Null Chancen im Arbeitsmarkt

Er wolle sich vor allem für Menschen mit Behinderung einsetzen und für ihre berufliche Integration. «Hier wird noch viel geredet, aber wenig getan. Es geht für mich einfach nicht auf, dass gut qualifizierte Personen mit einer Behinderung tausende Bewerbungen schreiben. Und die Erfolgschancen sind gleich null.»

Entgegen aller Behauptungen – «von wegen Integration oder Gleichstellung» – seien Behinderte auf dem Arbeitsmarkt einfach nicht gesucht. «Obwohl ihre Fähigkeiten und Möglichkeiten oft die selben sind, oder sich von Nichtbehinderten oft nur leicht unterscheiden, werden sie meist aus Angst vor dem Unbekannten nicht genommen.» Manchmal fürchte man zusätzliche Hilfestellungen oder auch baulichen Anpassungen am Arbeitsplatz.

Erniedrigendes Prozedere für IV-Rente

Berufliche Integration sei auch für ihn sehr wichtig, für sein Selbstwertgefühl. Seit zwanzig Jahren arbeitet Grund halbtags als Sachbearbeiter bei der Schweizer Paraplegiker-Vereinigung in Nottwil. Dazu ergänzt die Invalidenrente seine Lebenskosten. In Sachen Sozialversicherungen könne man auch noch einiges verbessern, sagt er.

«Eine Stufe geht. Aber zwei Stufen sind für Menschen im Rollstuhl immer eine zu viel.»

Das Prozedere für eine IV-Rente sei zum Beispiel für ihn zwar nichts Neues, aber immer aufs Neue erniedrigend: «Die Details, ob man selbständig Essen, sich Rasieren, oder auf die Toilette kann: Die Angaben sind jedes Mal eine Art Rechtfertigung für eine Behinderung, für die ich nichts dafür kann.»

Klar seien auch architektonische Barrieren für Menschen wie ihn ein Dauerthema. Im öffentlichen Verkehr sei zwar vieles schon gemacht worden, es gäbe trotzdem noch einiges zu verbessern. «Eine Stufe geht. Aber zwei Stufen sind für Menschen im Rollstuhl immer eine zu viel.» Als Kantonsrat möchte er solche Themen ansprechen und die Politik sensibilisieren.

Barrieren im Alltag

Grund wäre der erste Luzerner Parlamentarier, der in einem Rollstuhl sitzt. Falls er gewählt würde, käme er durch den Hintereingang des Regierungsgebäudes, das im Jahr 2000 behindertengerecht umgebaut wurde. Er könne es sich gut vorstellen, dort zu debattieren.

Und es wäre eine Herausforderung. «Sachlich können schon auch mal die Fetzen fliegen, da diskutiere ich sehr gern.» Einen gewissen Respekt vor der Politik und vor einer grossen Öffentlichkeit hat er trotzdem. Er sei manchmal sensibel. «Wenn ich etwas persönlich nehme, bin ich manchmal ein wenig ein Pflänzchen.» 

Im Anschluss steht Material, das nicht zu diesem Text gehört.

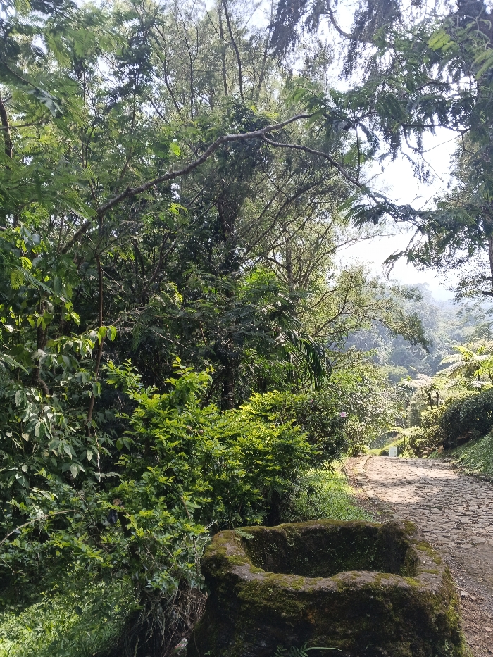 A stone trough covered in moss sits in the foreground, nestled amongst lush green foliage. Beyond it, a cobbled path winds into the distance, flanked by trees and ferns. The scene evokes a sense of tranquility and suggests a garden or park setting. Hints of sunlight filter through the canopy, creating a dappled effect on the path.
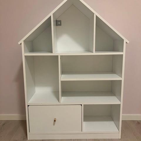 Oppbevare bamser (i skuffen) , bøker/spill og småleker. En del bruksmerker, men fungerer fint fordet. Ca mål høyde-135, bredde-82, dybde 30. #barnerom #oppbevaring #skap #kommode
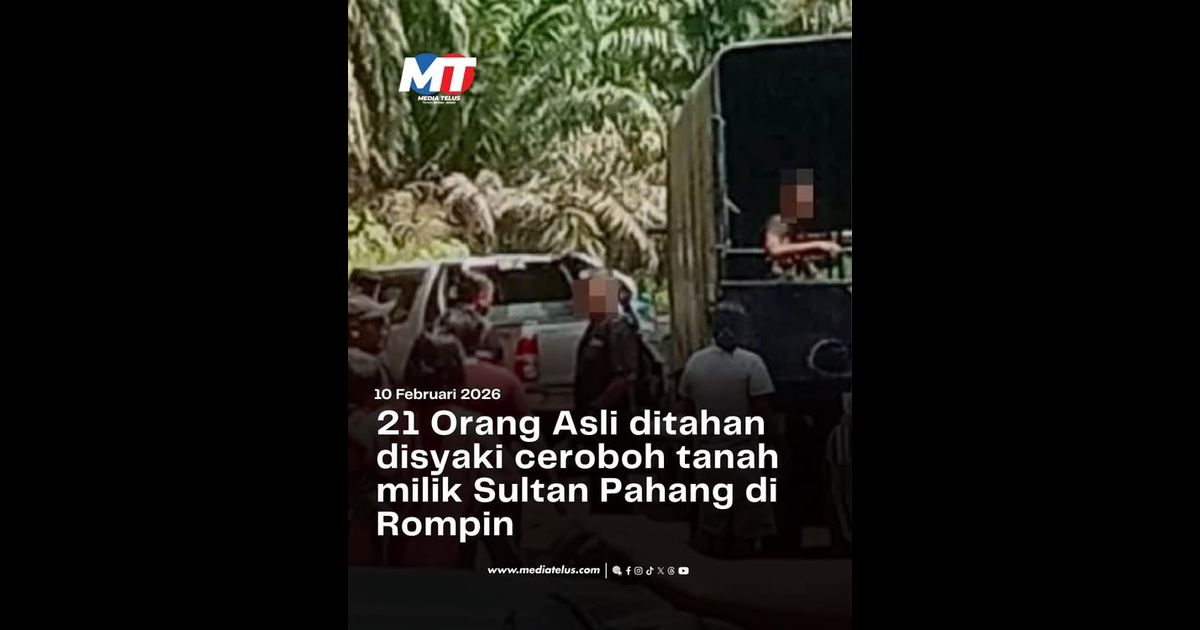 KUANTAN 10 Feb – Polis menahan seramai 21 Orang Asli, termasuk 17 wanita, selepas disyaki menceroboh tanah milik Sultan Pahang, Al-Sultan Abdullah Ri’ayatuddin Al-Mustafa Billah Shah, di Rompin, semalam.

Am Ende des Gesprächs grüsst uns seine Frau Vera. Sie sagt über ihren Mann, er sei grosszügig und sehr ehrgeizig. «Wo ein Wille ist, da ist auch ein Weg.» Vera sitzt ebenfalls im Rollstuhl und kennengelernt haben sie sich während der gemeinsamen Schulzeit an der Luzerner Stiftung Rodtegg.

Seit neun Jahren sind sie verheiratet. «Ich habe geweint, als ich gehört habe, dass er sich schon wieder den Arm gebrochen hat.» Danach schweigt Daniel etwas länger. Er öffnet die Türe. Die Heilung dauere sechs Wochen. «Gleich wie bei normalen Menschen.»